# Supervision: Thinking you know someone better than they know themselves?



## Mostly Harmless (Oct 16, 2011)

I know supervision is supposed to be one of the most tense relationships in the socion but I don't know if I feel that way exactly. I have a handful of ENFP friends whom I like very much and whose company I enjoy.

There's one thing about them that irks me though. It's the tendency to act like they know me better than I know myself and advise me accordingly. When I try to tell them that actually, no, I'm not like that, they turn it around into an explanation of how what I just said fits perfectly with what they thought about me all along. There will be a caveat, of course, about how I probably know myself best but I don't feel like they really believe it. I feel like they see me as they want to see me rather than how I actually am. Which probably helps them like me better? I don't know though. 

The funny thing is that an LIE can also do this whole "Actually, this is how you are" thing to me and while I might initially have a kneejerk negative reaction, it's usually followed, often quite quickly, with that puzzle clicking, "Oh shit, that's totally it" feeling. Rather than "Oh my gosh, you didn't listen, do you even care who I am?"

I don't know if it's a socionics thing or an ENFP thing or just a me thing but there it is. Has anyone had similar experiences with their supervisor?


----------



## Valtire (Jan 1, 2014)

Mostly Harmless said:


> When I try to tell them that actually, no, I'm not like that, they turn it around into an explanation of how what I just said fits perfectly with what they thought about me all.


Don't forget you will misunderstand your supervisor easily because they reason through your weakest function. For example, my supervisee frequently thinks I'm making judgements when I'm actually making observational statements. That said, I think it's just Ne. Their dynamic thinking means they never really have a single view of you. It's a giant jumbled mess with no internal consistency because Ti is their vulnerable function.



Mostly Harmless said:


> The funny thing is that an LIE can also do this whole "Actually, this is how you are" thing to me and while I might initially have a kneejerk negative reaction, it's usually followed, often quite quickly, with that puzzle clicking, "Oh shit, that's totally it" feeling. Rather than "Oh my gosh, you didn't listen, do you even care who I am?"

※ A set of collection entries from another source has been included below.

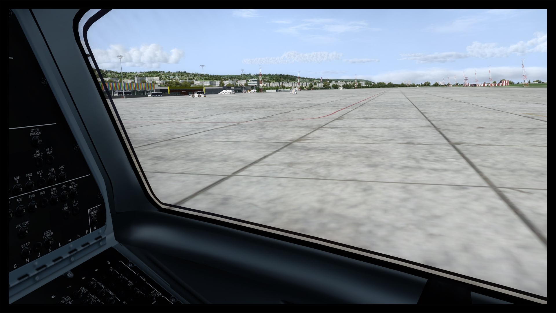 Nachdem der Anflug geglückt und die Landung erfolgreich war, kommen wir nun zum Herzstück der Szenerie. Sollte das Wetter nicht mitspielen und Regen über dem Platz hängen, erhält die Landebahn einen speziellen Nässeeffekt. Die Idee ist zu begrüßen, ob die Umsetzung gelungen ist muss jeder selbst bewerten. Gleiches gilt für den immer vorherrschenden leichten Glanz auf der Bahn, der durch die Sonnenstrahlung hervorgerufen wird.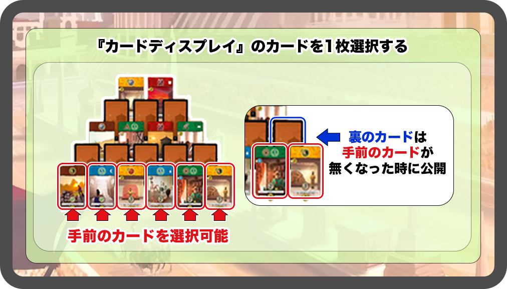 裏側で配置されているカードは、手前のカードが取られた時に公開されます。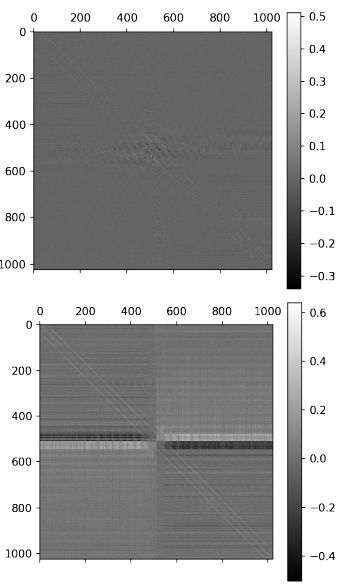 图 4:(b) 训练后的基线权重 wi,j 矩阵(顶部)以及可塑性系数αi,j(底部)。每一列描述了单个单元的输入,垂直相邻的元素描述图像中水平相邻像素的输入。注意两个矩阵中的关键结构。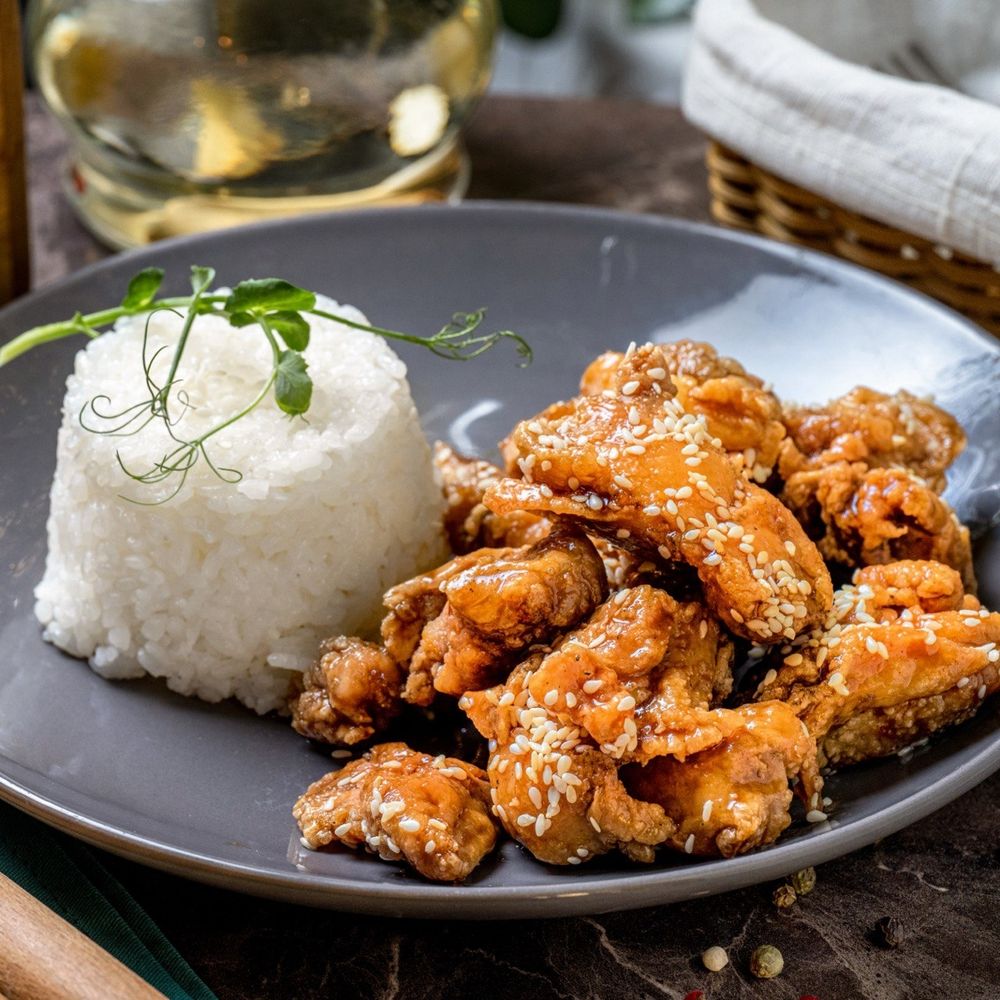 Состав:курица, рис, кунжут, соус рисовый, соус соевый, крахмал картофельный, перец чёрный, сахар, соль. Подаётся с веточкой микрозелени. Пищевая ценность в 100 г. продукта: белки 0,624 г., жиры 1,307 г., углеводы 4,8 г. Энергетическая ценность в 100 г. продукта – 33,456 ккал/140,07 кДж. Срок годности: при t 4±2 ºC не более 72ч.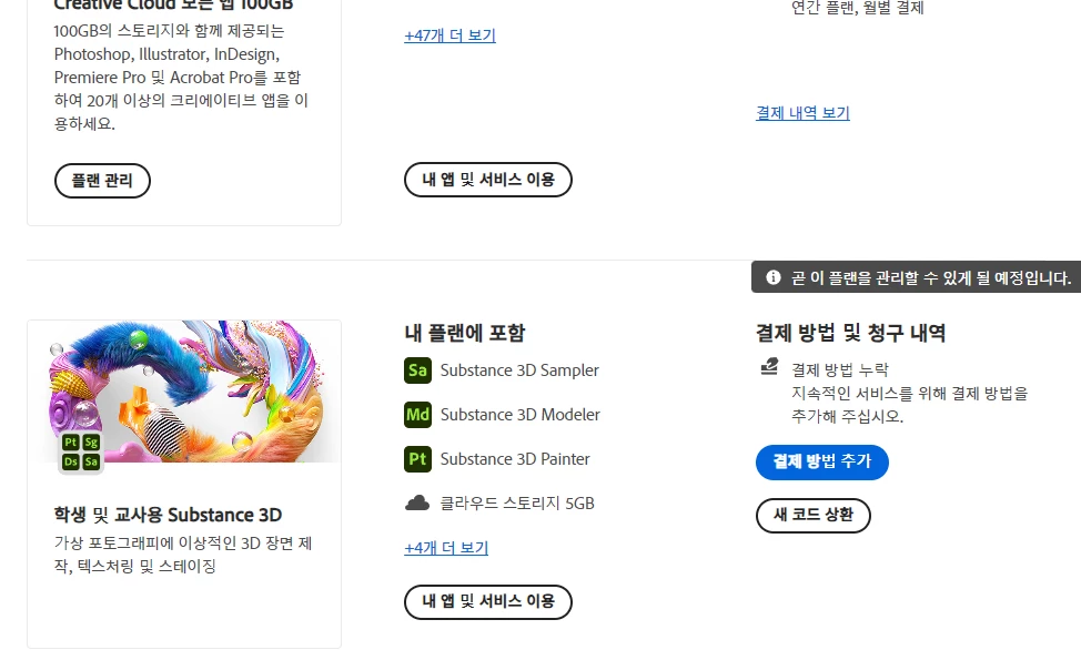 이미 creative cloud 모든 앱 100g 플랜을 쓰고 있습니다.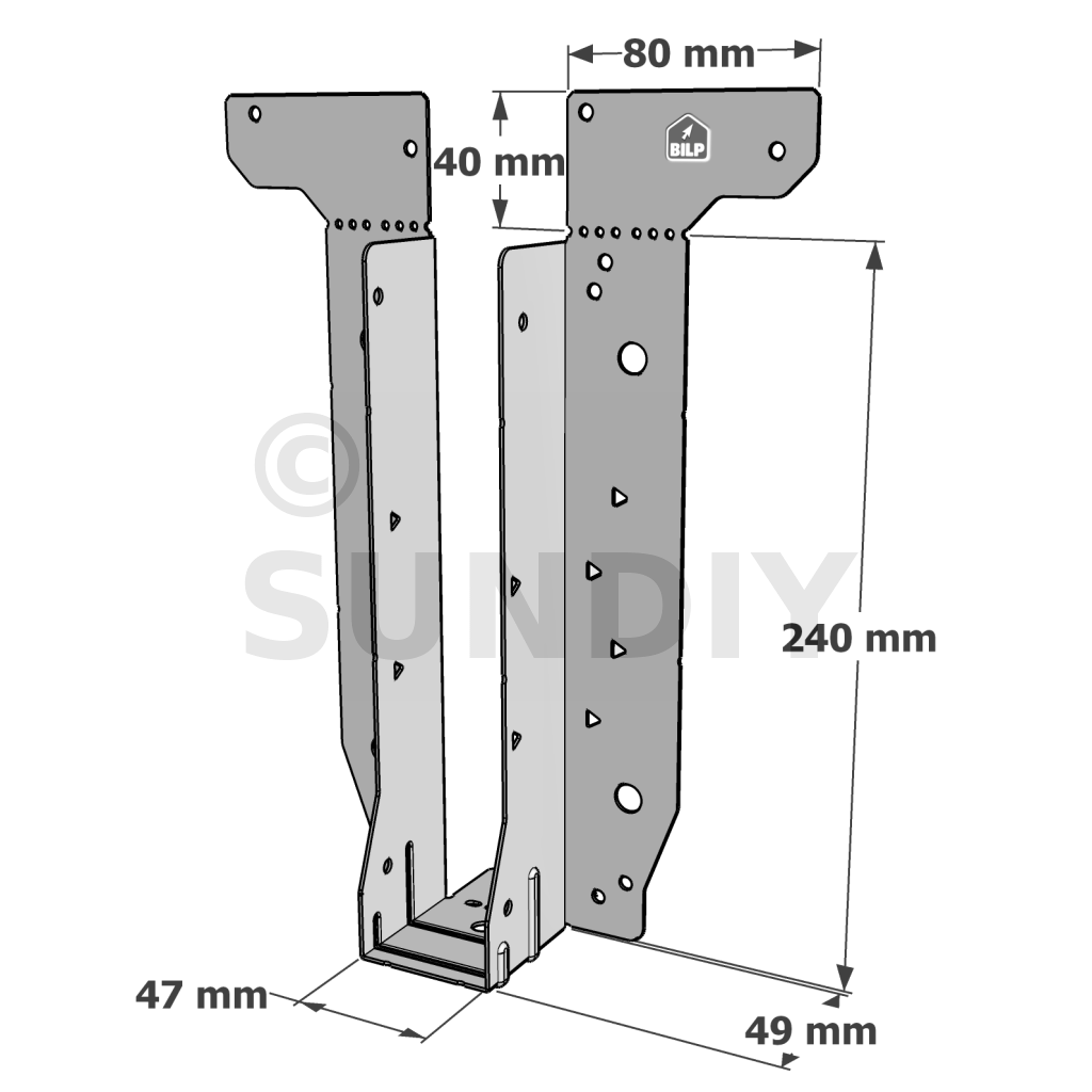 - Étrier fourni avec ses brides supérieures droites, pliables sur chantier afin de s’adapter à toutes les hauteurs de solives,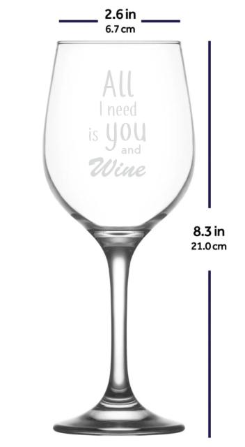 Стъклена чаша за вино с гравиран надпис All I need is you and wine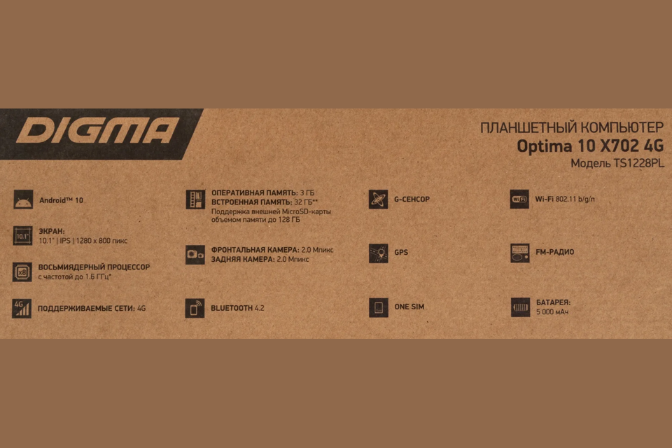 Планшет Digma Optima 10 X702 4G SC9863 (1.6) 8C RAM3Gb ROM32Gb 10.1" IPS 1280x800 LTE 1Sim Android 10.0 черный 2Mpix 2Mpix BT GPS WiFi Touch microSD 128Gb 5000mAh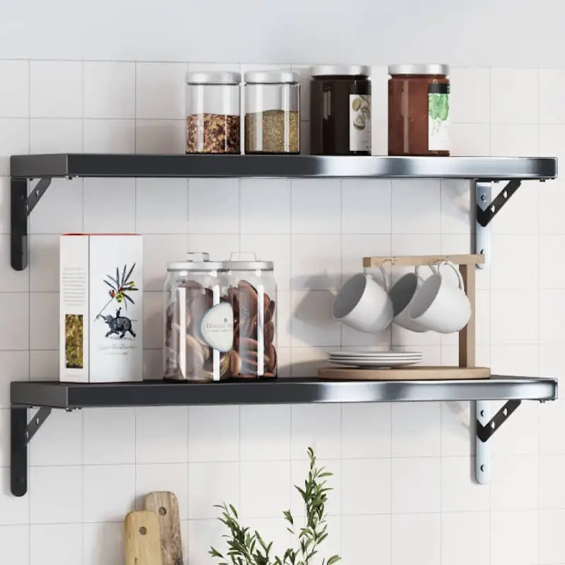 - Stevig materiaal: deze plankdrager is gemaakt van roestvrijstaal, waardoor hij duurzaam en corrosiebestendig is en lang meegaat.
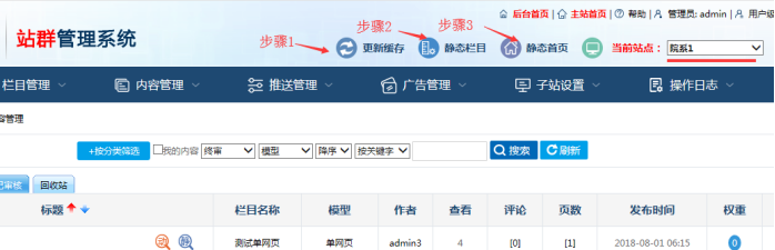 B:子站后臺更新方式(對首頁、欄目看不到更新內容均有效果)

An LIE is in your quadra, so they understand you much easier. Plus, IxEs always seem delusional to me. Not enough Te and Sensing to ground them to the realistic plane.


----------



## cyamitide (Jul 8, 2010)

I've heard something like this from a person of Supervisor type who has studied Socionics -- that he knows "my type" through and through and therefore he already knows if not everything then a lot of things about me. On practice it turned out to be different. I felt like he was frequently misinterpreting my motives and just not getting them, giving too much attention to things that didn't matter or were of minor importance to me, and was wary and suspicious of me for reasons I could not comprehend.

But yes I did get this "I know you!" - "no you don't!" impression of our interaction.


----------



## cyamitide (Jul 8, 2010)

Fried Eggz said:


> Don't forget you will misunderstand your supervisor easily because they reason through your weakest function. For example, my supervisee frequently thinks I'm making judgements when I'm actually making observational statements. That said, I think it's just Ne. Their dynamic thinking means they never really have a single view of you. It's a giant jumbled mess with no internal consistency because Ti is their vulnerable function.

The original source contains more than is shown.